Alerte humanitaire ! Carlos Ghosn en passe de s’immoler par le feu
– Un homme de 42 ans s'est suicidé par le feu devant une agence de Pôle emploi à Nantes, mercredi 13 février en milieu de journée.
– Le PDG de Renault, qui perçoit plus d’un million d’euros pas mois, veut bien en reporter 30% jusqu’à 2016. A condition que…
Je sais, le procédé pourrait être facile et même démago, celui d'amalgamer deux faits apparemment distincts. C’est qu’au contraire, j’y vois un lien, et même plusieurs.

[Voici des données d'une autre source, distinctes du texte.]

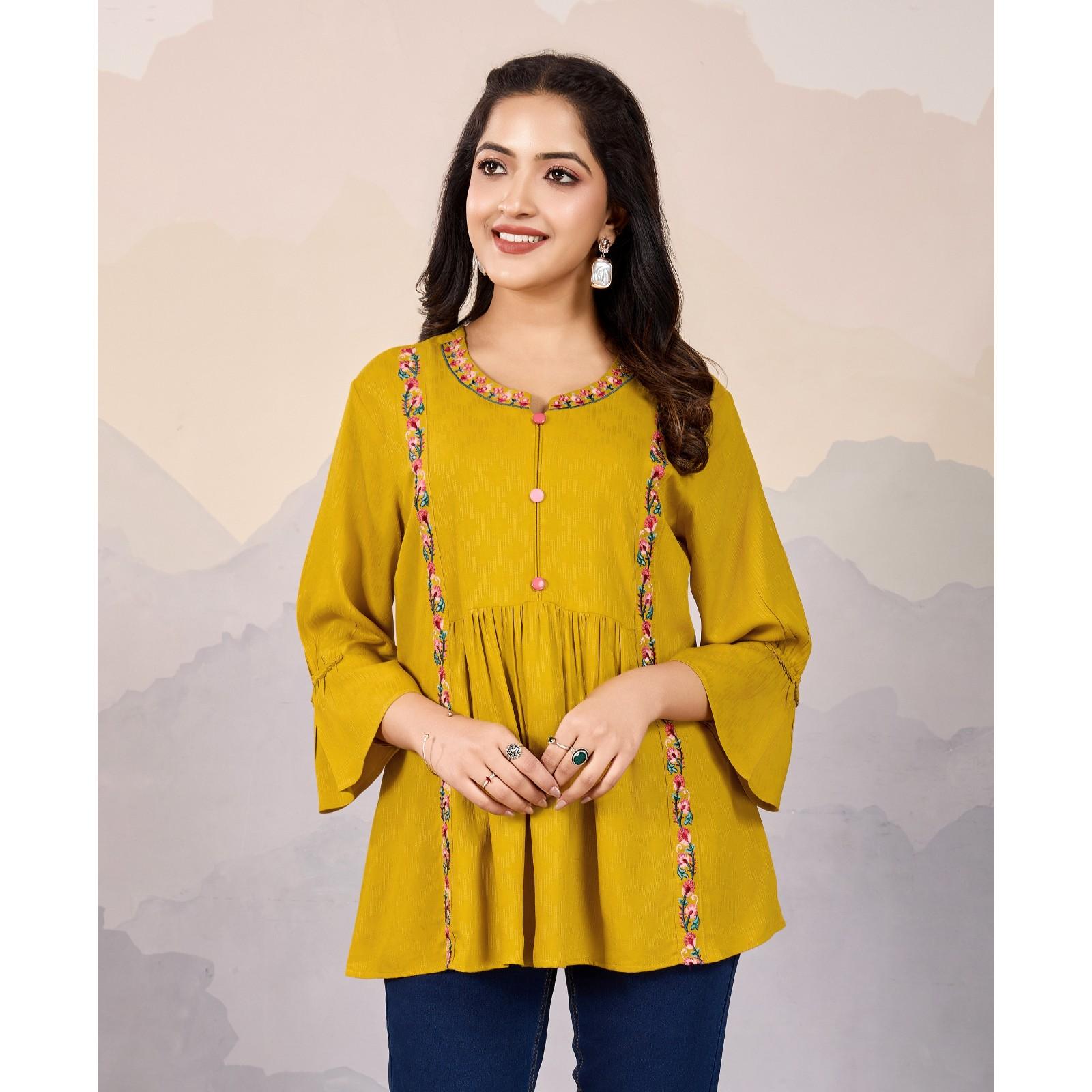 Achieve a magnetic look by wearing this Khaki Kurta from MOJILAA. The linen silk fabric, striped and floral printed pattern and square neckline of this makes it trendy, unique, and attractive. Club it with a palazzo or leggings for complete look.
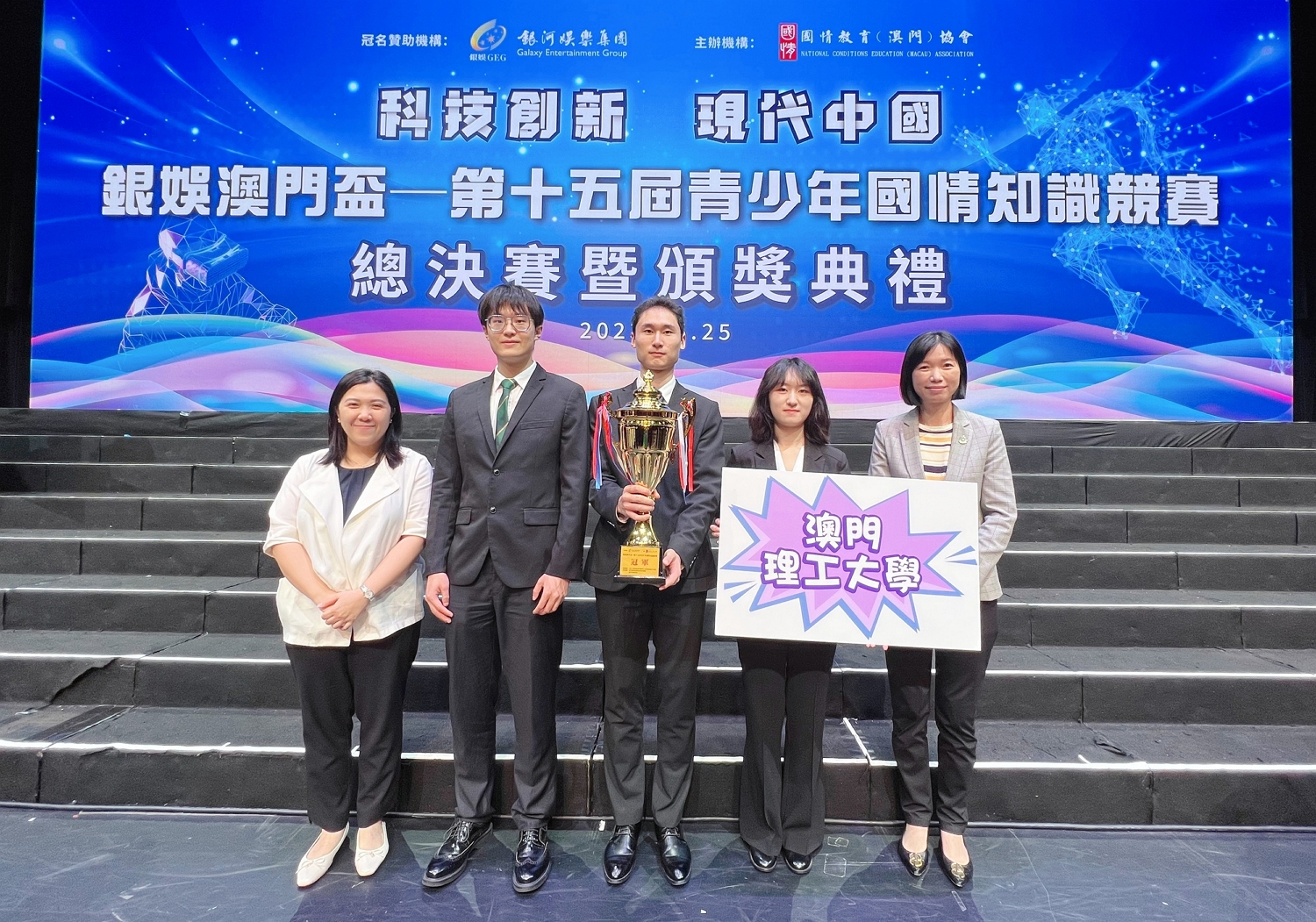 由國情教育(澳門)協會主辦的第十五屆青少年國情知識競賽總決賽於5月25日下午舉行,今年以“科技創新·現代中國”為主題,共吸引來自澳門二十九所高等院校及中學的一萬多名學生參與比賽,競逐殊榮。經過連番激烈的比拼後,澳門理工大學勇奪大學組冠軍,連續兩年勇奪該項比賽的冠軍。
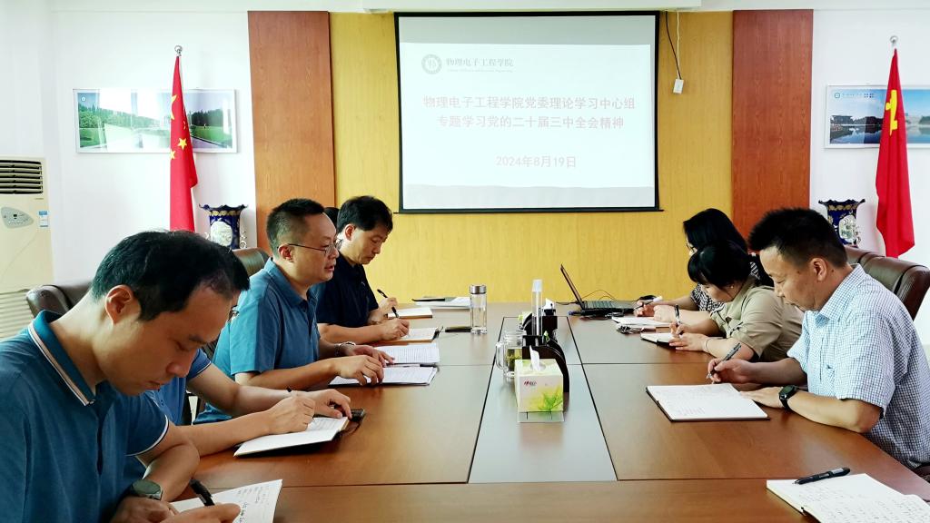 8月19日上午,学院党委理论学习中心组在理科楼911会议室召开党的二十届三中全会精神专题学习研讨会。学院党委理论学习中心组成员和各党支部书记参加会议。会议由学院党委书记方明科主持。
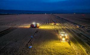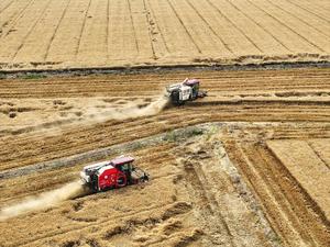 (250606) -- BEIJING, 6 junio, 2025 (Xinhua) -- Imagen del 4 de junio de 2025 de cosechadoras segando trigo en...
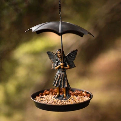 General description Welcome this adorable fairy bird feeder into your outdoor space, and watch as nearby feathered friends quickly make your garden the place to be! This charming feeder features a resin fairy at the center, holding an umbrella to shield herself and visiting birds from the elements. It has ample space for feed and seed, along with a handy edge for birds to easily perch on. Not only does it serve as a bird feeder, but it also acts as a beautiful garden décor piece, making it a perfect gift for any bird lover or a delightful addition to your own outdoor space. Technical specifications Material: Metal and resin Dimensions: H 24 cm x W 16 cm Length of chain: 12 cm Width of inside feeder tray: 14 cm Width of top of umbrella: 18 cm Weight: Lightweight yet durable Compatibility and accessories Includes a hanging hook attached to a strong metal chain for easy installation Installation Easy to hang from trees, bushes, or any hanging hook on walls or fences Usage Simply fill
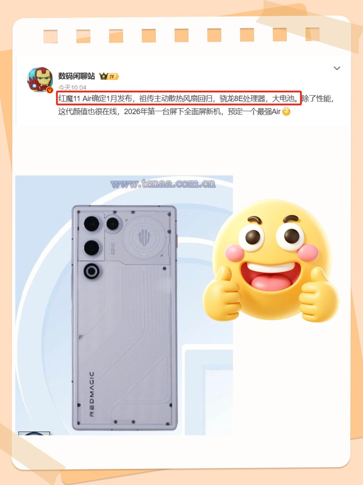 刚刷到红魔 11 Air 的消息,据说2026 年 1 月要发,还是明年首台屏下全面屏~ 配置上,给到了骁龙 8 至尊版芯片,还把祖传主动散热风扇装回去了,再加上7000mAh大电池,专属游戏肩键,游戏党狂喜!!
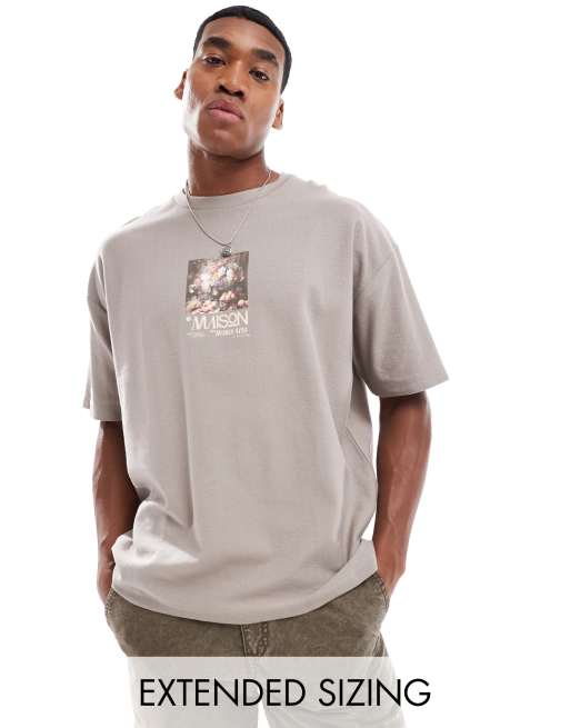 ASOS DESIGN - T-shirt oversize texturé avec imprimé fleurs sur l'avant - Marron
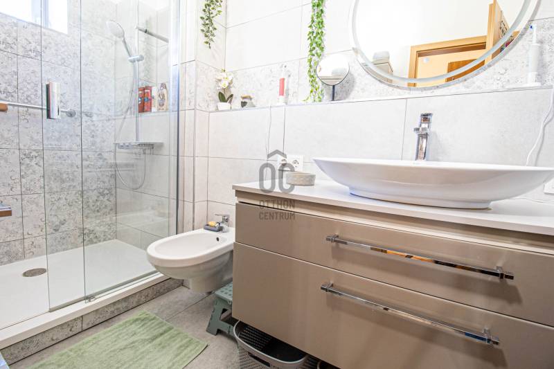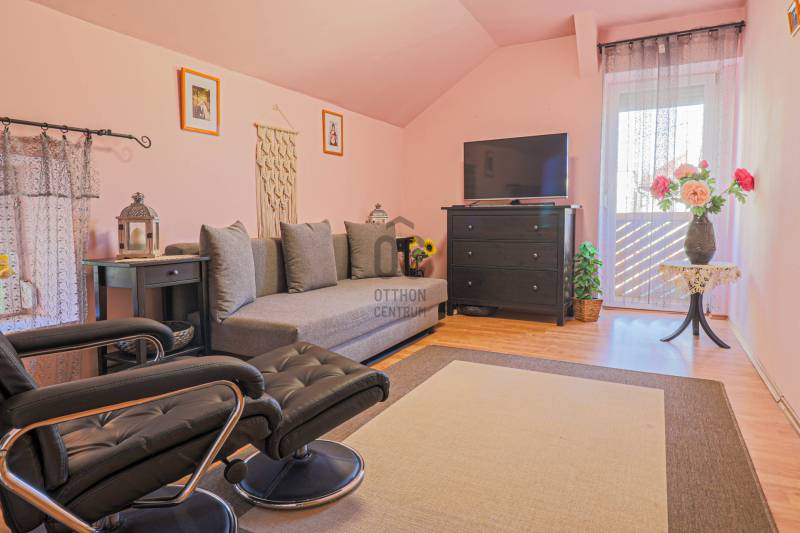 Ha mindig is egy nyugodt, zöldövezeti otthonról álmodott, ahol a madarak csicsergésére ébredhet, mégis karnyújtásnyira van a város minden kényelmétől – itt megtalálja. A szépen karbantartott, kétszintes családi ház egy csendes mellékutcában helyezkedik el, rendezett környezetben.Az alsó szinten világos, tágas nappali-étkezős konyha, egy hálószoba, kamra, valamint fürdő és külön wc található.A felső szinten két további szoba, egy gardrób és egy második fürdőszoba kapott helyet – ideális elrendezés családok számára.A nappali központi eleme a hangulatos kandalló, amely nemcsak meleget, hanem igazi otthonérzést is áraszt a téli estéken.A Vaillant gázkazán a fűtésről, a műanyag nyílászárók és a szigetelt homlokzat és födém pedig az energiahatékonyságról gondoskodnak.A ház színvilága és belső kialakítása harmóniát sugároz – a természetes anyagok, a fa melege és a finom részletek egy igazán barátságos légkört teremtenek. A fedett terasz a ház igazi ékköve: itt kávézhat reggel a szőlőlugas árnyékában, vagy pihenhet este egy pohár borral a kézben.Az udvaron helyet kapott egy fatároló, egy fedett gépkocsibeálló, valamint egy nyitott parkoló elektromos kapuval.A környéken minden megtalálható, amire a mindennapokban szüksége lehet – iskola, óvoda, bolt, gyógyszertár, buszmegálló néhány perc sétával elérhető.Békesség, melegség és harmónia Sopron egyik legszebb részén.Szeretettel várom hívását!Hitelre van szüksége?Az Otthon Centrum az ország egyik legnagyobb és legmegbízhatóbb hitelközvetítőjeként, teljes körű és díjmentes hitelügyintézéssel, biztosításkötéssel áll rendelkezésére!Kérje személyre szabott ajánlatunkat Kollégáinktól!
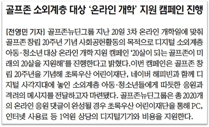 [4월 21일 골프존뉴딘그룹 News]골프존뉴딘그룹,온라인개학 맞이한 디지털소외계층 1억 지원!
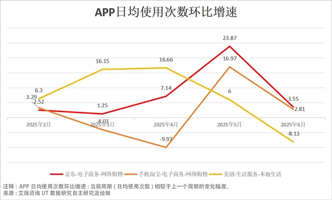 数据显示,今年4月,美团APP日均使用次数环比增速为16.66%,处于领先位置,紧接着,关键转变在5月份发生,京东以23.87%的高增速领跑全行业,淘宝紧跟其后环比增长16.97%,而美团增速滑落至6%。结果显而易见,2025年5月,外卖补贴带动市场重新洗牌。
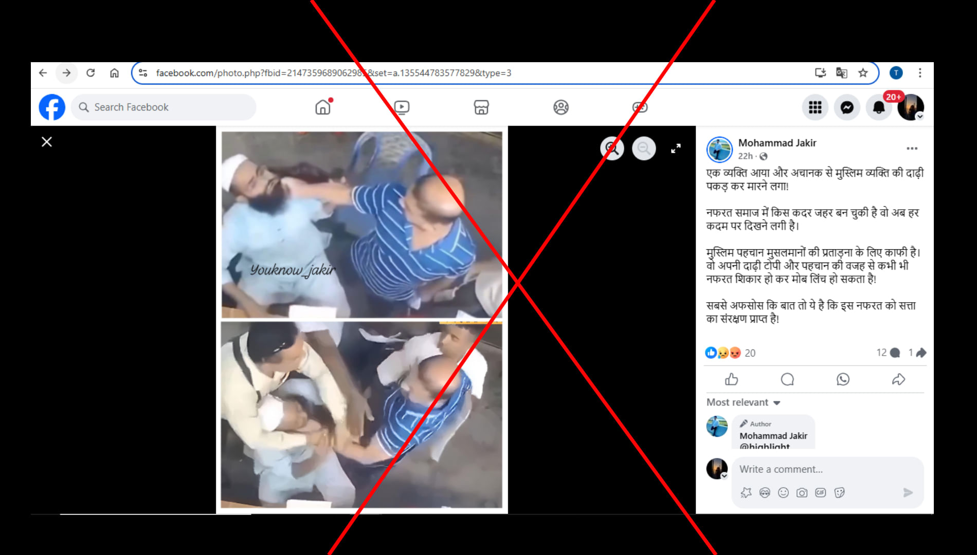 सोशल मीडिया पर एक तस्वीर वायरल हो रही है। तस्वीर में एक शख्स दूसरे आदमी के दाढ़ी को पकड़े हुए नजर आ रहा है। तस्वीर को शेयर कर दावा किया जा रहा है कि यह घटना भारत का है, जहां एक व्यक्ति मुस्लिम व्यक्ति की दाढ़ी पकड़ कर मार रहा है।

Le lien premier, c’est l’injustice de ce monde où s’exposent dans une même et insolente outrance pauvreté et richesse. Plus précisément : extrême pauvreté et extrême richesse. Un monde, d’ailleurs, où règnent les extrémismes de toutes sortes : financiers, économiques, politiques, écologiques, religieux, moraux, artistiques… Autrement dit un monde de l’extrême violence, possiblement au bord de l’explosion, comme en une fin de civilisation.
Les autres liens, appendices du principal, tiennent aux deux faits eux-mêmes.
Comme on ne va pas manquer de le rappeler – nécessité défensive de la bonne conscience sociale – le suicide est un acte complexe aux causes multiples, touchant l’intime, et caetera. Ajoutons : aussi un acte de courage et de liberté, parfois. Au delà de l’interrogation philosophique, il s’agit de ne masquer en rien l’âpreté de notre monde et de nos sociétés « modernes », ce qui veut dire sauvages.
Comment peut-on en arriver à ce point de désespoir, exprimé dans deux courriels ? :
Mardi 12 février, 10 h 12 : "Aujourd'hui, c'est le grand jour pour moi car je vais me brûler à Pôle emploi. J'ai travaillé 720 h et la loi, c'est 610 h. Et Pôle emploi a refusé mon dossier."
Mardi 12 février, 12 h 55 : "Je suis allé à Pôle emploi avec 5 litres d'essence pour me brûler, mais c'est fermé le 12/02/2013 ; alors ça sera demain le 13 ou le 14, car ce serait vraiment préférable au sein de Pôle emploi merci."
Nous ne sommes pas en Grèce, ni en Tunisie et leurs multiples suicidés. C’est que le désespoir n’a pas de patrie. Il s’est mondialisé en même temps que l’insolente richesse. Celle qui s’étale en un palmarès indécent, tel celui affiché sans vergogne sur le site de l’agence Bloomberg, sous forme d’un trombinoscope des plus riches au monde, classés en milliards de dollars, et « actualisé en temps réel » – car il s’agit d’un jeu de société, un monopoly follement amusant. Les riches ne craignent rien autant que l’ennui – mais peu se suicident, a-t-on remarqué ?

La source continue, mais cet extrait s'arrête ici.